Adana şırdan, koyunun midesinin dört bölümünden biri olan şırdanın, pirinç, iç (perde) yağı, karabiber, kimyon, tuz ve biber salçasıyla hazırlanan iç harçla doldurulup özel teknikle dikilmesi ve kaya tuzu ile haşlanarak pişirilmesiyle yapılan, Adana yöresine özgü geleneksel bir yemektir. Üretimi ustalık gerektiren şırdan, genellikle elde ya da tabakta, üzerine tuzlu kimyon ve acı pul biber serpilerek, yanında acı süs biberi turşusuyla servis edilir.
Ayırt Edici Özellikleri
Adana şırdan, küçükbaş hayvanların midelerinden biri olan şırdanın, belirli oranlarda hazırlanmış iç harçla doldurularak dikilmesi ve haşlanarak pişirilmesiyle elde edilen geleneksel bir yemektir. Sadece koyun şırdanı ve ona özgü iç yağı (perde yağı) kullanılmakta; bu unsurlar, ürünün bölgeye özgü karakterini belirginleştirmektedir. Üretimde, ustalık gerektiren doldurma ve dikme işlemleri ile kaya tuzu kullanılarak gerçekleştirilen pişirme yöntemi; ayrıca sunumda kimyon, pul biber ve süs biber turşusuyla birlikte servis edilmesi, Adana şırdanı benzerlerinden ayıran önemli özelliklerdendir.
Bileşenler ve İçerik
Bir adet Adana şırdanın hazırlanmasında aşağıdaki malzemeler kullanılmaktadır:
- Koyun şırdanı
- 1,5 yemek kaşığı pirinç
- 1 yemek kaşığı şırdandan alınan iç (perde) yağı
- 6 g biber salçası
- 1 çay kaşığı karabiber
- Yarım çay kaşığı kimyon
- Yarım çay kaşığı tuz
Pişirme işleminde 5 litre suya 50 gram kaya tuzu eklenerek tuzlu kaynar su hazırlanır.
Üretim Süreci
Şırdan önce bol tuzla ovularak temizlenir ve birkaç kez suyla durulanır. Limonlu ve tuzlu suda bir süre bekletildikten sonra, yeniden suyla durulama işlemi yapılır. Şırdanın iç yüzeyinde bulunan ve “perde yağı” olarak adlandırılan yağ tabakası ayrılır, kıyılır ve iç harca katılır. İç harç, yıkanmış pirincin perde yağı, karabiber, kimyon, tuz ve biber salçasıyla harmanlanmasıyla hazırlanır.
Doldurma işleminde her bir şırdana yaklaşık 1,5 yemek kaşığı iç harç konur.
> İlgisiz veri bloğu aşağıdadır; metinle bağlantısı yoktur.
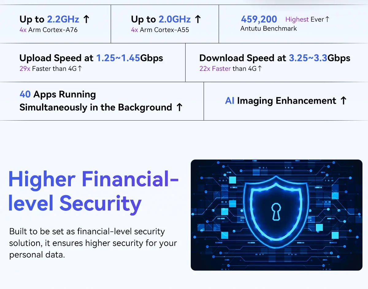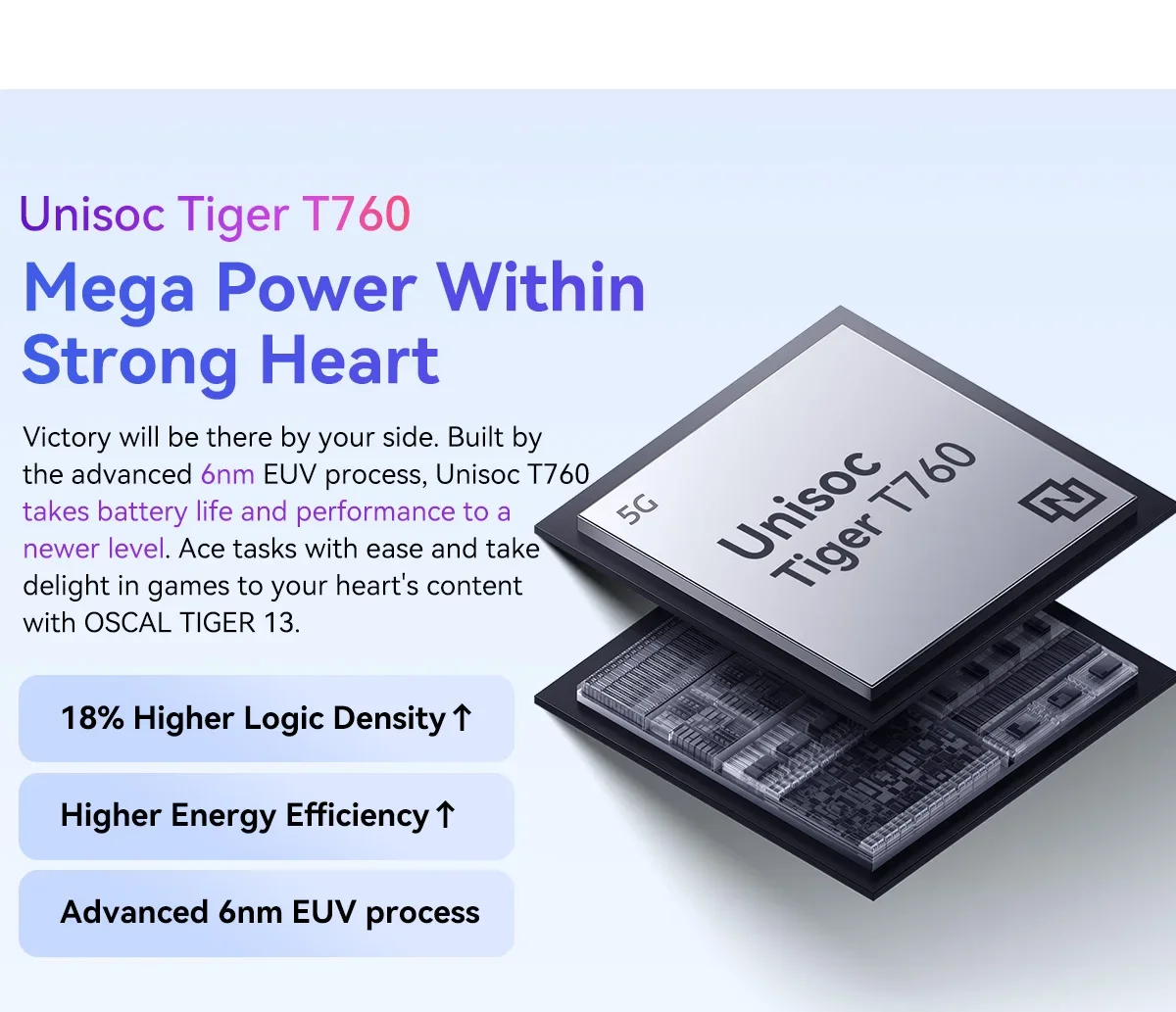 CPU : 5G Unisoc T760; octa-core; 4*A76@2.2GHz+4*A55@2.0GHz

Ardından açıklık, yaklaşık 6 mm kalınlığında paslanmaz çelik bir iğne ve ısıyla erimeyen, gıdaya uygun bir iplikle dikilir. Dikiş işleminin düzgün yapılması, hem iç malzemenin şırdan içinde kalması hem de pişirme sırasında içeriye fazla su sızmaması açısından önemlidir.
Dikilen şırdanlar tekrar yıkanır ve 50 g kaya tuzuyla hazırlanmış 5 litre kaynar suya atılarak açık kapakla yaklaşık 1 saat 45 dakika boyunca kaynatılır. Üzerinde oluşan köpükler düzenli olarak temizlenir. Pişirme süresi sonunda ocak kapatılır ve şırdanlar buharla dinlenmeye bırakılır. Yaklaşık 30 dakikalık dinlenmeden sonra ürün tüketime hazır hale gelir.
Servis Şekli
Adana şırdan; tabakta veya elde yemelik şekilde servis edilir. Elde sunumda, uygun boyutta bir servis kâğıdı içinde sunulur. Yemeğe genellikle şırdanın dikilen ucundan başlanır. Tüketiciye, isteğe bağlı olarak ipi çıkarılmış ya da çıkarılmamış biçimde verilir. Sunum sırasında kimyon ve pul biber serpilerek servis edilir. Yanında ise mutlaka acı süs biberi turşusu ikram edilir.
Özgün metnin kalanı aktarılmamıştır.